→ **Dataset records**
----
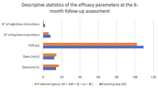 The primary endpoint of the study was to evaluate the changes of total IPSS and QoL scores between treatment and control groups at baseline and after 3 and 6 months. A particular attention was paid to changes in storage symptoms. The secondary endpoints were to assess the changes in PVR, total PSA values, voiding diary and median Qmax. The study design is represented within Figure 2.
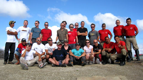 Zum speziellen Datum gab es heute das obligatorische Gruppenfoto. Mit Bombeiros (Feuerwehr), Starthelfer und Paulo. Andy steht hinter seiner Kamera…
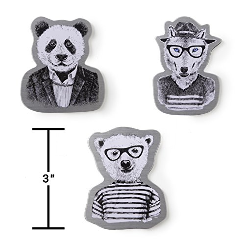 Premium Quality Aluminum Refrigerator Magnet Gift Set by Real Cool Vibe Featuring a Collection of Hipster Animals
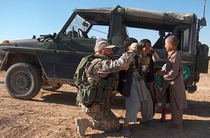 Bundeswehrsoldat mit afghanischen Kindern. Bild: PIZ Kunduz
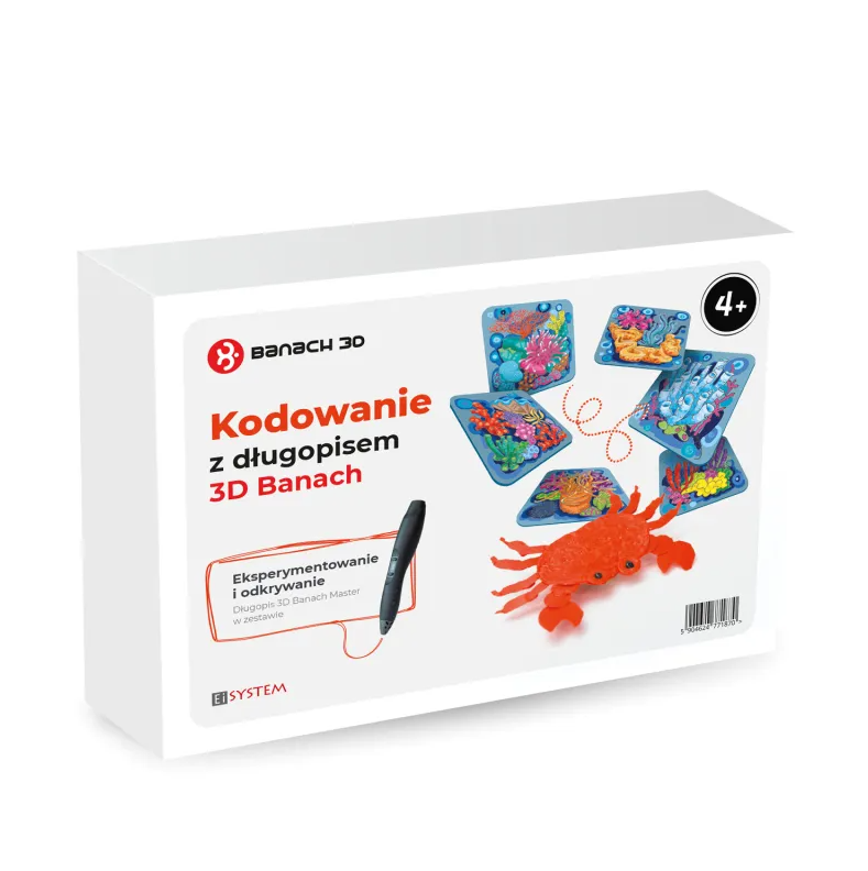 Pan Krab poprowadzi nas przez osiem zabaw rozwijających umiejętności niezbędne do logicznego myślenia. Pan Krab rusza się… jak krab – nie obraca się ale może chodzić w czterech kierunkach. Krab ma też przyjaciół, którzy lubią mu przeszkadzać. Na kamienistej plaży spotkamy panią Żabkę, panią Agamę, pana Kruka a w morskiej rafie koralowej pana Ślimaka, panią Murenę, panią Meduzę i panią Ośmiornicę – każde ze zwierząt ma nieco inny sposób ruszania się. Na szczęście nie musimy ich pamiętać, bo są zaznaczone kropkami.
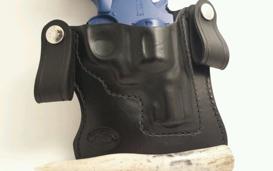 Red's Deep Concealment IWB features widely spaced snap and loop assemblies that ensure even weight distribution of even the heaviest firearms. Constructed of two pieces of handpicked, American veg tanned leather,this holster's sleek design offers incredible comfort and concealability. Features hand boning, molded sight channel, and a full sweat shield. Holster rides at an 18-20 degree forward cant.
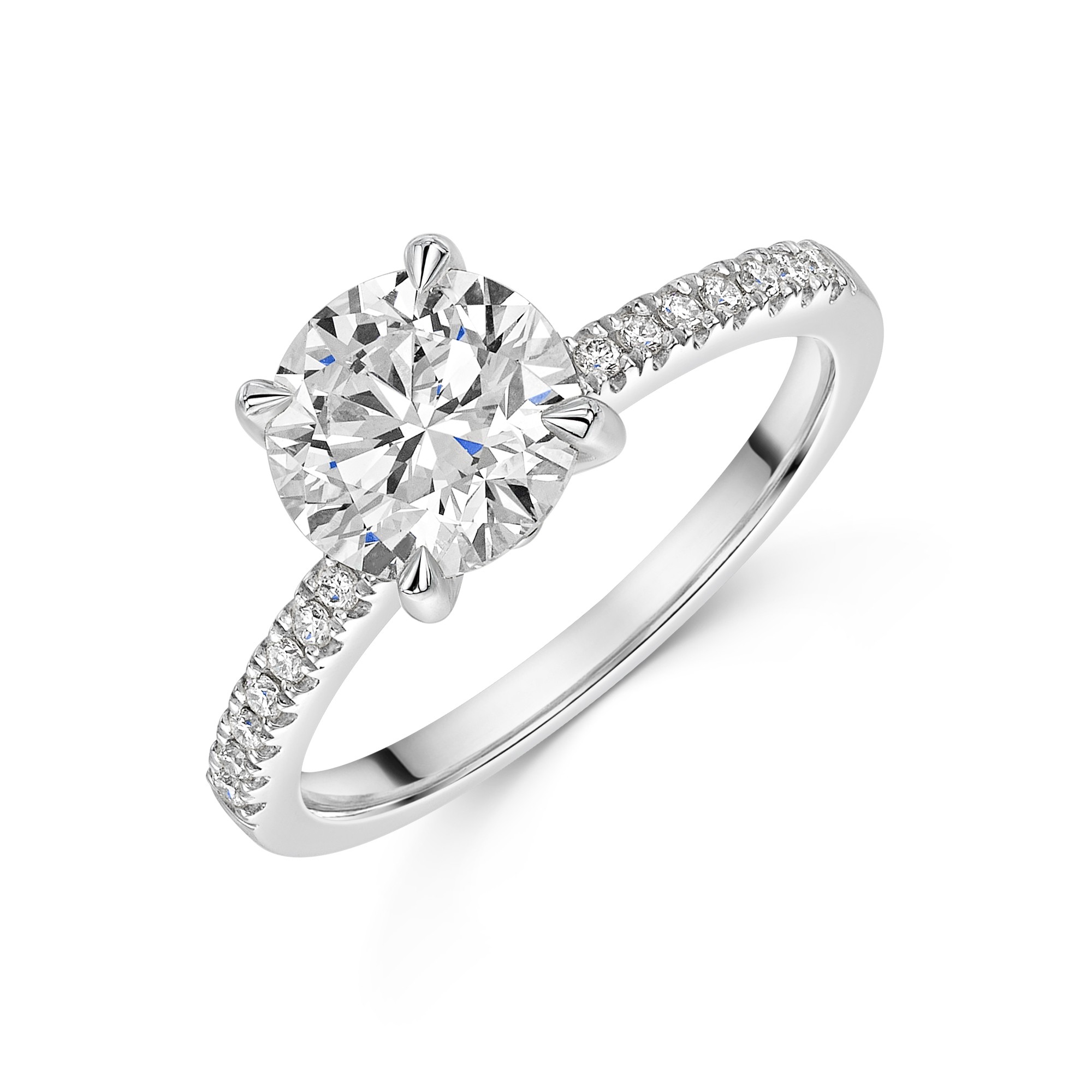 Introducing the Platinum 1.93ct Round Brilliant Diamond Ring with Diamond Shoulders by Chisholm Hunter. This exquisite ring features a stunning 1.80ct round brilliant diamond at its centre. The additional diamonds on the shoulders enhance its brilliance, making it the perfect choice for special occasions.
----
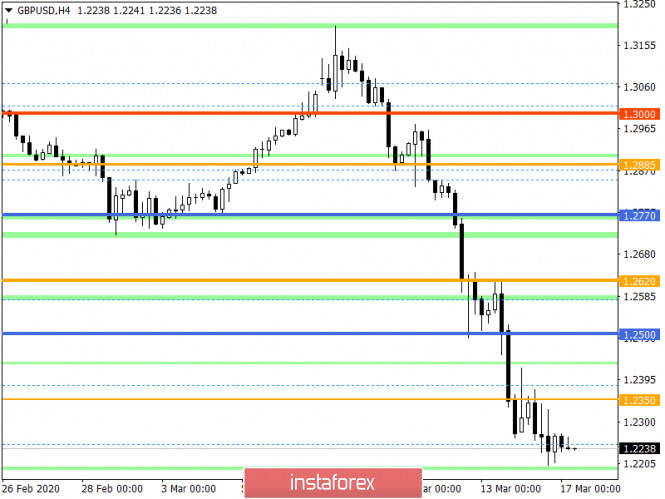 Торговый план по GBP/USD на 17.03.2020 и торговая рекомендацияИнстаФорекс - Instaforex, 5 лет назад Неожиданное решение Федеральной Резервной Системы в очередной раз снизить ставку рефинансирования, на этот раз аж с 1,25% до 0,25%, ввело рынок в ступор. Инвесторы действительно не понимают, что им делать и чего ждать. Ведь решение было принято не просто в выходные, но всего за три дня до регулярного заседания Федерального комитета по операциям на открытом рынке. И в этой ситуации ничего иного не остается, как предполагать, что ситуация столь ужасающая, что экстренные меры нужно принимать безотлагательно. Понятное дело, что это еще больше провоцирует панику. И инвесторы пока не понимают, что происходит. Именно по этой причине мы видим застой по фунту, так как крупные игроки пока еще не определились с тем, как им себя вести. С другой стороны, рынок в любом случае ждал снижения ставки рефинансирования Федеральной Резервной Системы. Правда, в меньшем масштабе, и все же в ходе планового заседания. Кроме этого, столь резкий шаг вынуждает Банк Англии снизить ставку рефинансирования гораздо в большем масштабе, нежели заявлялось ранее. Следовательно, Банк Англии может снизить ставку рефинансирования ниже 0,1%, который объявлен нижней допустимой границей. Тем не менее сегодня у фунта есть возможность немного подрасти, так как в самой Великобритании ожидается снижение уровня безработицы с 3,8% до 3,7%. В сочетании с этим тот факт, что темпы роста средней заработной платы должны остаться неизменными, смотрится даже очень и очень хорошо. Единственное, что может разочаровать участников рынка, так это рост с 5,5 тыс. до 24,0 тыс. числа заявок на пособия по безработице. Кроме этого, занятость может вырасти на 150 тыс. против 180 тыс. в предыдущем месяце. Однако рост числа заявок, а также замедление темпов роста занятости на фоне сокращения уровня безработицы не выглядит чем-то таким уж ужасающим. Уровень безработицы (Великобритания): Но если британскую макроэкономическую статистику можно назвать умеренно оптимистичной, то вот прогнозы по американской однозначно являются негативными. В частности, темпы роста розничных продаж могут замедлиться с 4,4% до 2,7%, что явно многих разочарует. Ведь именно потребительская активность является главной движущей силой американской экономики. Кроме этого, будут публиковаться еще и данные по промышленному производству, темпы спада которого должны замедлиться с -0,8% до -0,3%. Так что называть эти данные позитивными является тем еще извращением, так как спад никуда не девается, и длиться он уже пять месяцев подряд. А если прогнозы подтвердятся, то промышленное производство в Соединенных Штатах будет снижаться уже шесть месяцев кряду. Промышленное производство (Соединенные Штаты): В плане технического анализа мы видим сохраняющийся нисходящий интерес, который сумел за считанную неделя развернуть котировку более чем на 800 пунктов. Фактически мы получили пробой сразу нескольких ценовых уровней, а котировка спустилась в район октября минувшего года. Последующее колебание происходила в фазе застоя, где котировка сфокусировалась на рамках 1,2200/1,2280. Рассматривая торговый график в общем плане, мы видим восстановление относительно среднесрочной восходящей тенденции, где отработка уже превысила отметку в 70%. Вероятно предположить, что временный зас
----
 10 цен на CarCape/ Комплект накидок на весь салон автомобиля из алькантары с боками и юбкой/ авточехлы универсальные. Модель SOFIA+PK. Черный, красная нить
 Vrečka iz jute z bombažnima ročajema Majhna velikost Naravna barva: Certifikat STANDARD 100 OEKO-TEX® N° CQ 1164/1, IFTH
----
→ **What to do**
An exact transcription is needed of the lines from the one with "Premium Quality Aluminum" to the one with "Bundeswehrsoldat mit afghanischen" above, both ends included, with pictures left out.

→ **Task result**
 Premium Quality Aluminum Refrigerator Magnet Gift Set by Real Cool Vibe Featuring a Collection of Hipster Animals
 Bundeswehrsoldat mit afghanischen Kindern. Bild: PIZ Kunduz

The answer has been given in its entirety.